╔══

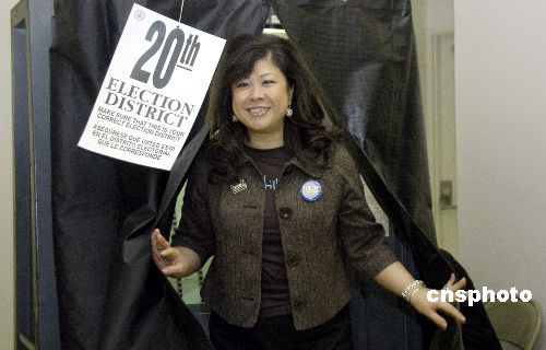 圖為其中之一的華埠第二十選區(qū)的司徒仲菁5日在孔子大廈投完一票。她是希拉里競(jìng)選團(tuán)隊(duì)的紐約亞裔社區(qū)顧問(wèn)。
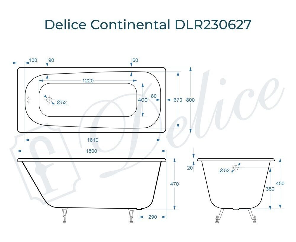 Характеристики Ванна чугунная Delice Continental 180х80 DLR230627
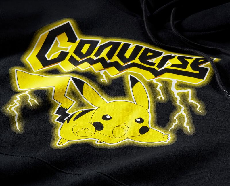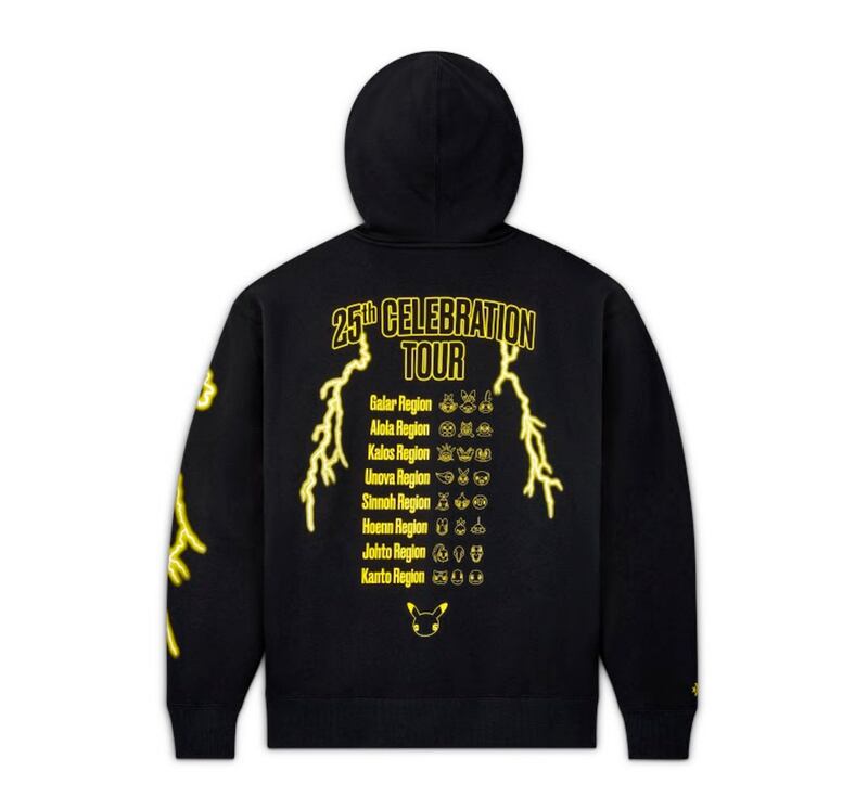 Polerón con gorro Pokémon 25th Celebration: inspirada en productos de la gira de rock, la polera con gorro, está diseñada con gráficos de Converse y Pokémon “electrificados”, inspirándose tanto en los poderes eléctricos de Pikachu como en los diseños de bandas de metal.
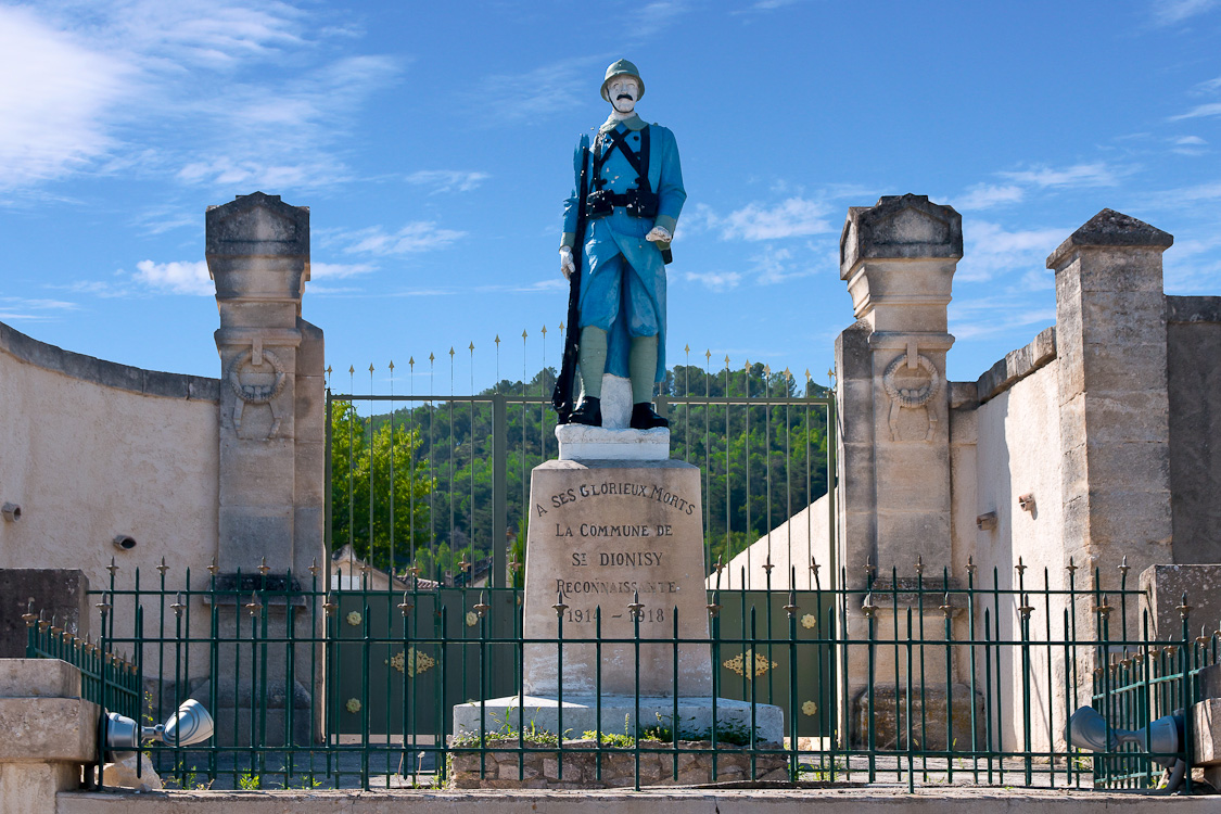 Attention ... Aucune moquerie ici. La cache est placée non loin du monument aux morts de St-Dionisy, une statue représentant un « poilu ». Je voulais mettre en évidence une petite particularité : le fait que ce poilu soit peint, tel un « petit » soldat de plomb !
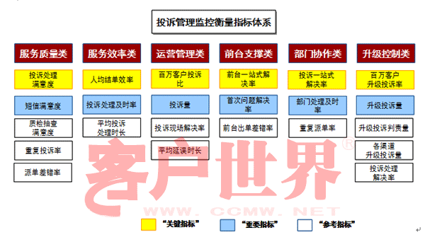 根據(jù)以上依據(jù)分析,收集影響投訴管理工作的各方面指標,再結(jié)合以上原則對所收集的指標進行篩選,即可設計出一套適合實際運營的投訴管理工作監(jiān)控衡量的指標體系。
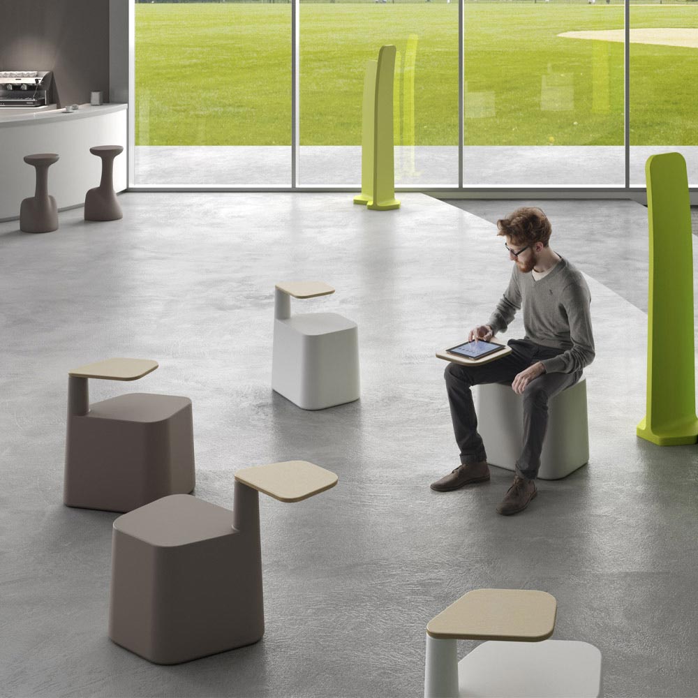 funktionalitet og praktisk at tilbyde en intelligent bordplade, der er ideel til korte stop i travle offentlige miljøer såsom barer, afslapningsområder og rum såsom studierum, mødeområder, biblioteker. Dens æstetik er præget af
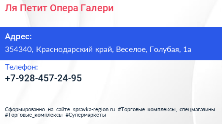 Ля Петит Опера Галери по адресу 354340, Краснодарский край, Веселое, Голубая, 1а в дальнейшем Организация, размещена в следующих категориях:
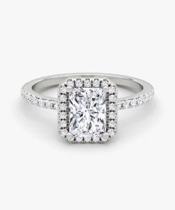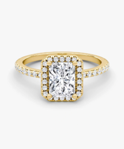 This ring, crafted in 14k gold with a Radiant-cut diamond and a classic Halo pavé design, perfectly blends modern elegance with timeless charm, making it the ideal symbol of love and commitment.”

╚══

About this task
The line containing "Характеристики Ванна чугунная" marks the end: copy exactly every line from the start of the records up to and including it, leaving out the pictures.

Solution to the problem
 圖為其中之一的華埠第二十選區(qū)的司徒仲菁5日在孔子大廈投完一票。她是希拉里競(jìng)選團(tuán)隊(duì)的紐約亞裔社區(qū)顧問(wèn)。
 Характеристики Ванна чугунная Delice Continental 180х80 DLR230627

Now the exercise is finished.